To investigate the apparent mismatch between normal retinal functioning reflected by neutral-position PERG and reduced retinal thickness detected by SD-OCT at the 4-week time point after blast-injury, we used in vitro MEA analysis in acutely dissected retina. This technique measures spontaneous and light-evoked responses of individual RGCs. The RGCs elicit action potentials spontaneously and randomly in the dark. We observed that the average spontaneous firing rate of RGCs in the dark was significantly increased at 1 (P < 0.0001, n = 220 RGCs), 5 (P < 0.0001, n = 317 cells), and 16 (P = 0.0002, n = 273 cells) weeks after blast-injury, compared to sham mice (n = 312 cells; Figs. 3, 4). This spontaneous hyperactivity was evident not only in the average RGC firing rate (Fig. 4a), but also in the cumulative firing rate of RGCs (the proportion of all RGCs firing above a given rate; Figs. 4b, 4c).

Figure 3.

Figure 3

The activity maps show increase in the spontaneous activity at all times probed post blast.
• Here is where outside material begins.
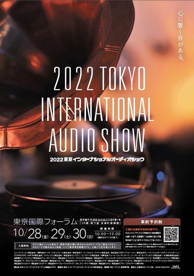 日本インターナショナルオーディオ協議会は2022年10月28日(金)~30(日)の3日間、東京国際フォーラム(東京都千代田区)にて「2022 東京インターナショナルオーディオショウ」を開催いたします。アナログの持つ温かさや深みから、ハイレゾ音源が繊細に再現する臨場感や立体感まで、世界最高峰のオーディオが奏でる、時代と世代を超えて心に響く音を体験できる年に一度の祭典です。ぜひ会場へお越しいただき、その深い味わいをご堪能ください。なお今年も、新型コロナウイルス感染症対策のため事前予約制とさせていただきます。ご予約は2022年9月12日(月)よりIASJオフィシャルサイトにて受付開始いたします。

The average spontaneous firing rates of RGC's per electrode were plotted as contour maps for control retinas (a) and retinas collected at 1 (b), 5 (c), and 16 (d) weeks post blast. The average rates in spikes/s are plotted on a logarithmic (log10) scale and the color scale is included in the figure. Circles in the figure indicate the position of the optic nerve head.

Figure 4.

Figure 4

Spontaneous activity of RGCs increases after exposure to blast. (a) Average spontaneous firing rates of RGCs in control (ctrl) retinas and in retinas exposed to blast at 1 (1 w), 5 (5w), and 16 (16w) weeks post blast. (b) Cumulative frequency histograms showing the distribution of mean average rates for ctrl and blast-exposed RGC's. (c) Enlarged insert from (b). Statistical analysis performed by Mann-Whitney U test. Significant difference compared to controls; ***P < 0.001, ****P < 0.0001.
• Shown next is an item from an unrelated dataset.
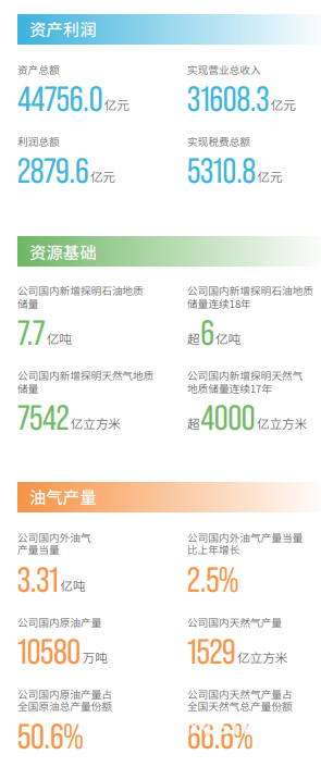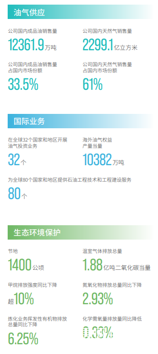 2023年中国石油国内新增探明石油地质储量7.7亿吨,国内新增探明石油地质储量连续18年超6亿吨,国内新增探明天然气地质储量7542亿立方米,国内新增探明天然气地质储量连续17年超4000亿立方米。在油气产量方面,中国石油国内外油气产量当量3.31亿吨,国内外油气产量当量比上年增长2.5%,国内原油产量10580万吨,国内天然气产量1529亿立方米,国内原油产量占全国原油总产量份额50.6%,国内天然气产量占全国天然气总产量份额66.6%。在油气供应方面,中国石油国内成品油销售量12361.9万吨,国内天然气销售量2299.1亿立方米,国内成品油销售量占国内市场份额33.5%,国内天然气销售量占国内市场份额61%。在国际业务方面,中国石油在全球32个国家和地区开展油气投资业务32个,海外油气权益产量当量10382万吨,为全球80个国家和地区提供石油工程技术和工程建设服务80个。在生态环境保护方面,中国石油节地1400公顷,温室气体排放总量1.88亿吨二氧化碳当量,甲烷排放强度同比下降超10%,氮氧化物排放总量同比下降2.93%,炼化业务挥发性有机物排放总量同比下降6..25%,化学需氧量排放量同比降低0.33%。

The RGCs are the first neurons in the visual transduction cascade that fire an action potential in response to light, and are divided into “ON RGCs” that respond to onset of light and “OFF RGCs” that respond to offset of light. The responses of these classes of RGCs to full-field light flashes in acute retinal whole-mounts were significantly greater 5 weeks after blast-exposure (n = 368 cells) when compared to acute retinal preparations from sham mice (n = 247 cells; Figs. 5a, 5b; total response, P < 0.0001; ON, P = 0.0185; OFF, P < 0.0001; Mann-Whitney U test). However, no statistically significant differences from sham mice were present in blast-injured retina 1 or 16 weeks after injury (Figs. 5a, 5b), indicating that RGC light responsiveness increases temporarily following an initial latent period after blast trauma, and then returns to normal. Closer analysis reveals that the change in light responsiveness 5 weeks after injury includes, on average, a decrease in the relative proportion of responses elicited by light onset (ON/total response ratio; P = 0.0093 versus RGCs of control retinas), with a corresponding increase in OFF/total ratio; P = 0.0093, Figure 5c. That is, for analysis of this population of RGCs, the relative responsiveness to light onset versus offset is more evenly balanced at this interval after blast injury, whereas at other time points there is a disparity in the ON versus OFF response of RGCs.

Figure 5.

Figure 5

Light-evoked responses change in a time-dependent manner after exposure to blast. (a) The total median response amplitude for RGCs in control (ctrl) retinas and at 1 (1w), 5 (5w), and 16 (16w) weeks after blast-exposure. (b) Average amplitude of response to maximal full-field stimulus of RGCs from control retinas and in retinas at 1 w, 5w, and 16w post blast. (c) The ON/Total ratio decreased significantly at 5w post blast, while the OFF/Total ratio increased significantly, and no significant difference is present at 1w and 16w post-blast exposure. (d) The transiency index of the response to the ON-set of light increased significantly at 1w and 5w post-blast, while the transiency index for the OFF-set of light increased 1w post blast. Statistical analysis performed by Mann-Whitney U test. Significant difference compared to controls; *P < 0.05, **P < 0.01, ****P < 0.0001.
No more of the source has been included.